I really like Alison Wonderland. She kind of reminds me of me at 15 (if I had blue eyes and natural blonde hair, of course) in a gangly, I-want-to-do-what-I-want kind of way. Granted, both of us are much older than 15, but the youthful energy and experimentation of 15 is there. In a disappointing series of events, I missed 30-year-old Alex Scholler (aka Alison Wonderland) at EDC Las Vegas last year. I planned to see her set, but got stuck waiting in line to get into the Speedway instead. Later I watched the official YouTube video of her set revealing her take on trap. It was laden with hip-hop and saturated in passion – her slight frame in a signature, oversize t-shirt bouncing around – feelin’ it. I’ve been following her ever since.

But why is she so good? Well, I have a simple theory: a solid music education lends to a real pro with a good ear. Did you know Scholler was classically trained as a cellist in Australia’s Sydney Youth Orchestra? And did you know she started out playing bass in underground punk bands before she got into producing electronic music? In a recent Insomniac article she talks about the moment it all came to a head and took her background to another level. Scholler was familiar with bloghouse (you know the tacky, 4Loko-induced days of 2006), but then “all of a sudden there was The Knife and Justice and MSTRKRFT,” she said.

I don’t blame her. Who doesn’t love The Knife’s “Heartbeats” (even better: Jose Gonzalez’ cover!) or “Silent Shout?” Scholler specifically remembers hearing “Silent Shout” and subsequently falling in love with EDM that very night. It all came full circle and she knew she needed to produce dance music.  I’m glad she did.

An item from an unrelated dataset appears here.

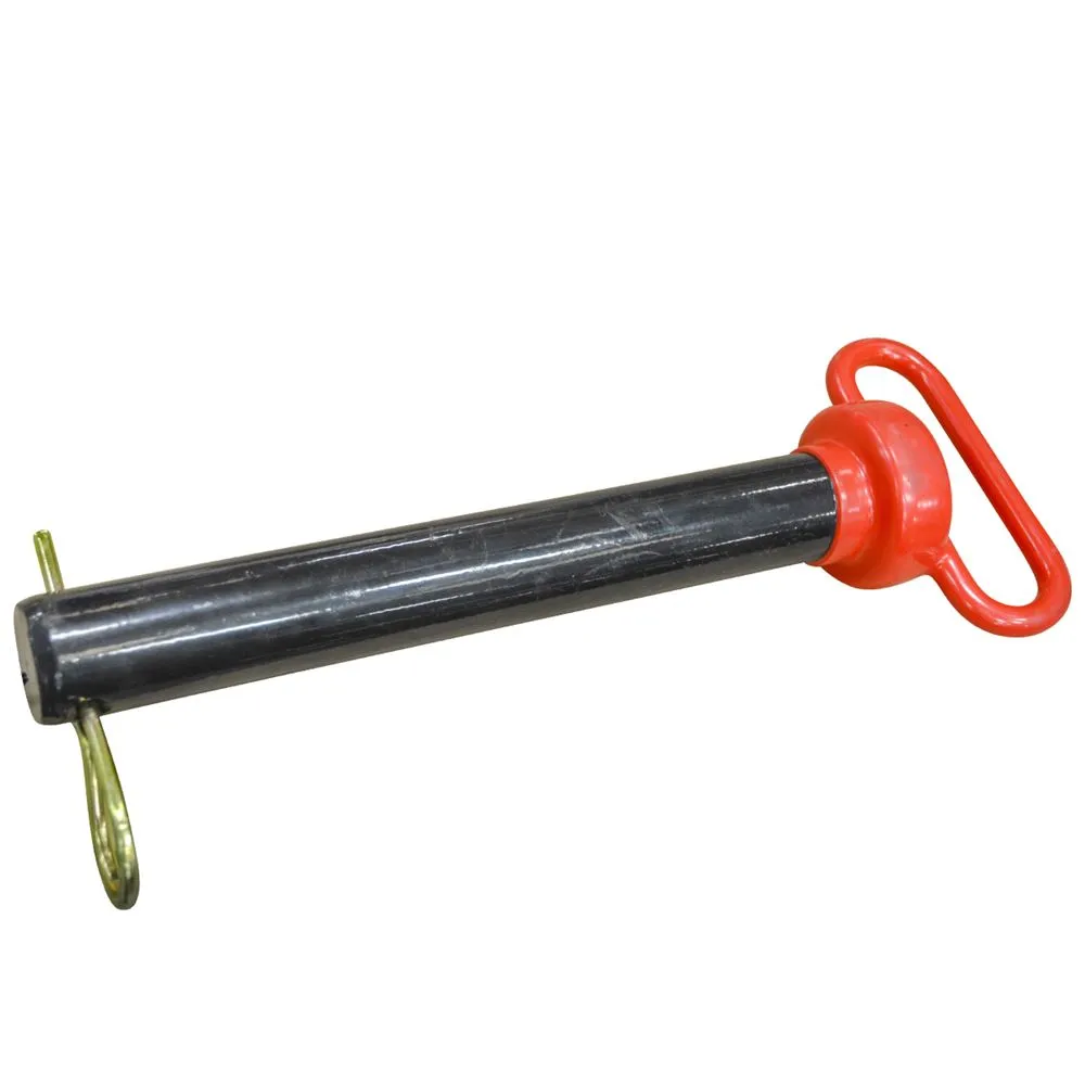 Hitch pin for tractors and 3-point implements. Our hitch pins are made of mild steel, and have a black powder coating with a red vinyl head and handle.

Alison Wonderland’s appeal to me is a vulnerable nakedness that you can only get through music. I sometimes think there could be a soundtrack to my life, and if there is, I know music is the element that makes me who I am. Emotion saturating a sound is how I get connected – and I will argue forever – that same emotion is in EDM. “Because electronic music should still have emotion, even though it’s a computer,” said Scholler in a Magnetic Magazine interview. So take it from the seasoned musician. (And screw you, music snobs!)

I get the feeling Scholler hasn’t even begun to show us what she’s capable of. And I hope I get to see a little spark of that under the Electric Sky in June. If I can make one request, though – give me all of the subby kicks you’ve got!